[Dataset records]
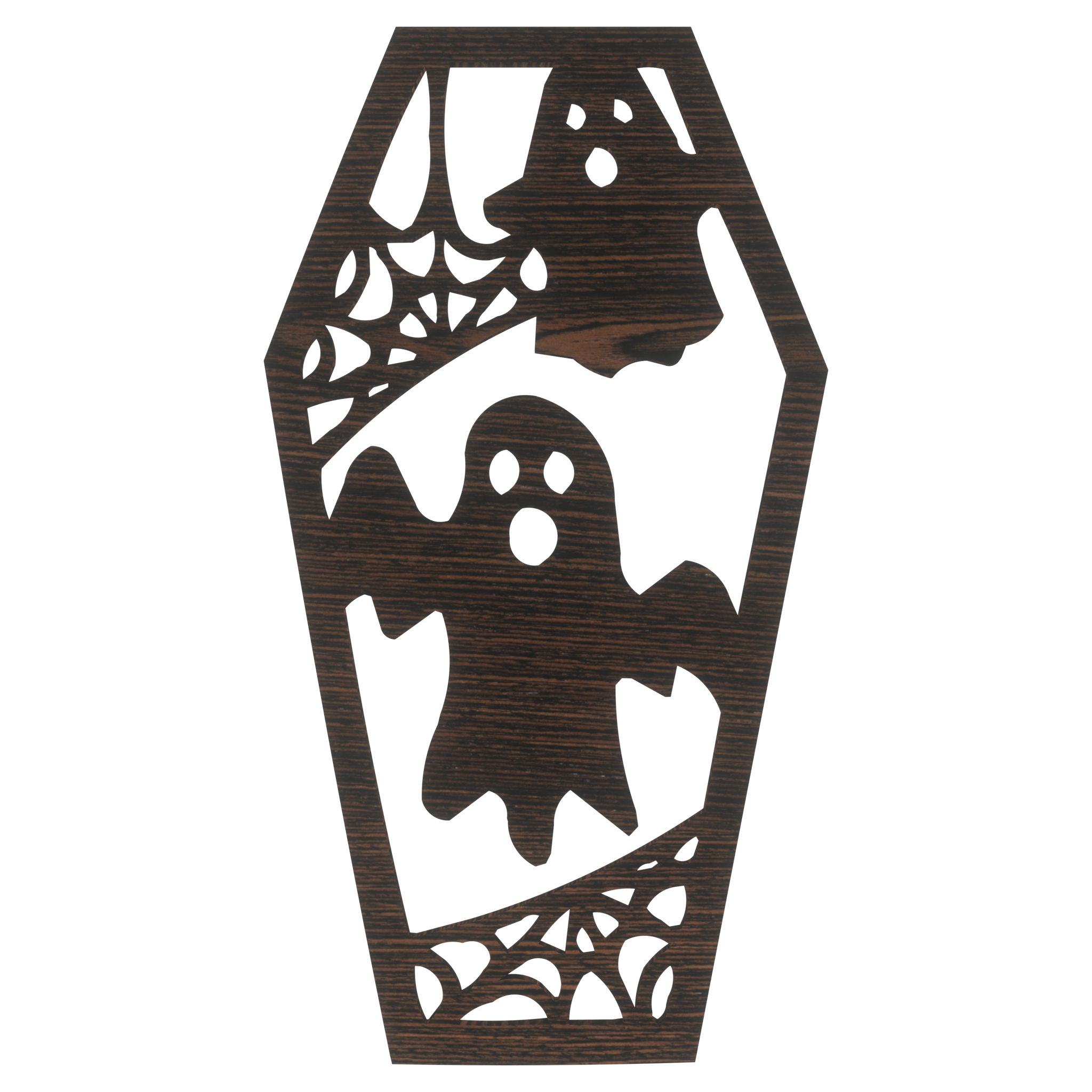 Ozdoba Halloween w kształcie trumny z duchami to tajemniczy i pełen grozy element dekoracyjny. Duchy przedstawiane z delikatnymi, falującymi kształtami, co tworzy wrażenie, że przenikają przez mroczne wieko trumny. Ozdoba idealnie wpisuje się w atmosferę Halloween pełną nadprzyrodzonych zjawisk.
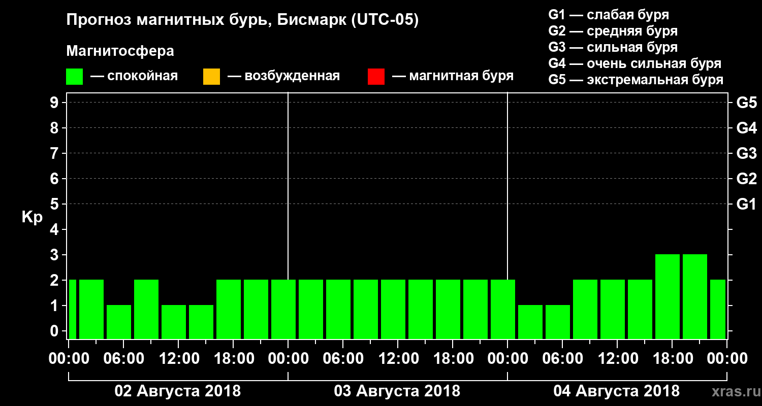 Прогноз магнитных бурь в Бисмарке на 2 августа 2018 года
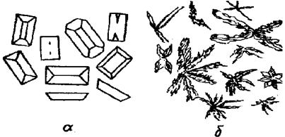 образующиеся при медленной (а) и быстрой (б) кристаллизации
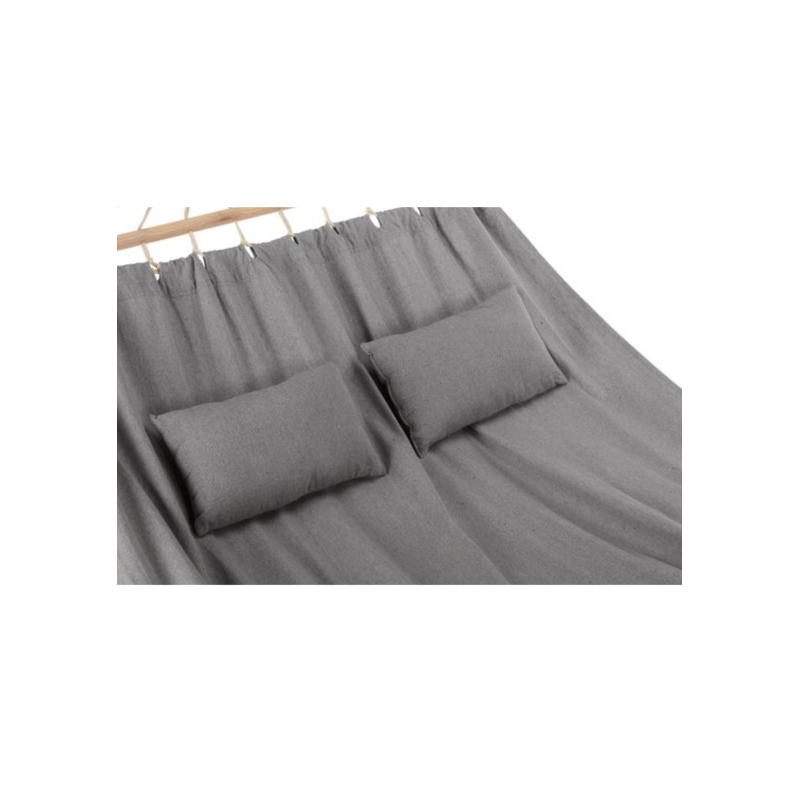 Полотно размером 200 x 150см изготовлено из высококачественной ткани, приятной на ощупь. Легкий, но крепкий материал идеально приспосабливается к телу, что позволяет отдыхать в непринужденном, естественном положении. Гамак Outtec характеризуется высокой стойкостью к изменению климатических условий. С обеих сторон шнурки крепежа эстетично заплетены в привлекательный узор, заканчивающийся монтажными кольцами. В комплекте две подушки, что предоставит вашему отдыху новый уровень комфорта!
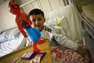 Quelques jours après l'opération, Waël reprend un peu ses forces et joue dans sa chambre où Maryvonne, la psychiatre de MSF, est venue lui rendre visite.

■ Prompt ■
Transcribe exactly the lines from the one containing "Прогноз магнитных бурь" through the last line of the records above, and nothing else. Leave out the pictures.

■ Solution to this exercise ■
 Прогноз магнитных бурь в Бисмарке на 2 августа 2018 года
 образующиеся при медленной (а) и быстрой (б) кристаллизации
 Полотно размером 200 x 150см изготовлено из высококачественной ткани, приятной на ощупь. Легкий, но крепкий материал идеально приспосабливается к телу, что позволяет отдыхать в непринужденном, естественном положении. Гамак Outtec характеризуется высокой стойкостью к изменению климатических условий. С обеих сторон шнурки крепежа эстетично заплетены в привлекательный узор, заканчивающийся монтажными кольцами. В комплекте две подушки, что предоставит вашему отдыху новый уровень комфорта!
 Quelques jours après l'opération, Waël reprend un peu ses forces et joue dans sa chambre où Maryvonne, la psychiatre de MSF, est venue lui rendre visite.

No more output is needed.